# Moisture meter



## laikaecovip (Jun 3, 2008)

Hi all,

I have just bought a moisture meter to take readings a couple of times a year throughout my van as my father suffered some damp ingress on a 2yr old van....

Can anyone tell me what % of moisture is acceptable when taking a reading on interior trim etc ??

Thanks 

Gareth


----------



## ched999uk (Jan 31, 2011)

Don't know if it is an expensive meter you have or a cheap one like mine. I would say that 0-10% is OK 10-20% some damp (investigation needed) above 20% be worried get it checked out asap.

The cheap meters aren't that accurate but should give you a clue. Make sure you have both probes stabbed in to get a decent reading. 

PS I am no expert and am not in the trade so its just my best guess...


----------



## Rapide561 (Oct 1, 2005)

*Damp*

I would agree with those figures above.

Russell


----------



## laikaecovip (Jun 3, 2008)

Thanks folks..

Yeah its only a cheap meter...

Reads over ten % pretty much everywhere. Upto 18% in a couple of places but i`m sure there is now real issue !!

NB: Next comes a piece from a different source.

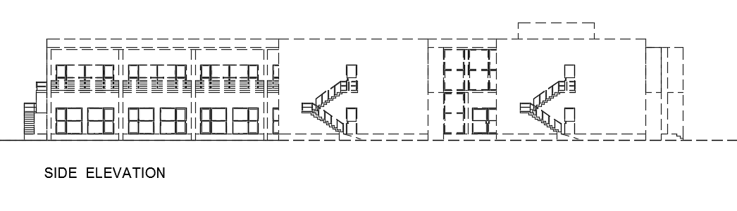The side elevation view of the 77x65m school building 2d AutoCAD DWG drawing file
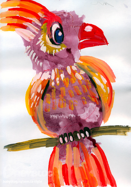 Попугай - наше совместное творчество. Было ужасное бордовое пятно непонятной формы, стало понятной))))

Will take it to my dealer and see what their meter reads .


----------



## VanFlair (Nov 21, 2009)

Hi Gareth

I have just bought a moisture meter from Maplins, I took some reading in areas that could not really be damp like inside wardrobe away from the outside walls etc and I then compared these readings with readings taken around the windows door and high up on the walls at the roof junction (likely damp spots) the readings were very similar at around 10% to 15% so to me that said all was OK.

Martin

AKA Vanroyce (caravan,11 years old and no damp)


----------



## andytw (Sep 30, 2009)

Hi,

Do these things leave noticeable holes ?

Just about to purchase one.

andytw


----------



## ched999uk (Jan 31, 2011)

andytw said:


> Hi,
> 
> Do these things leave noticeable holes ?
> 
> ...


The probes on my cheapy meter do leave marks. One thing you can do to minimise how noticeable the holes are is to make them in unobtrusive places, like under the trim next to windows, behind cushions, in cupboards etc.


----------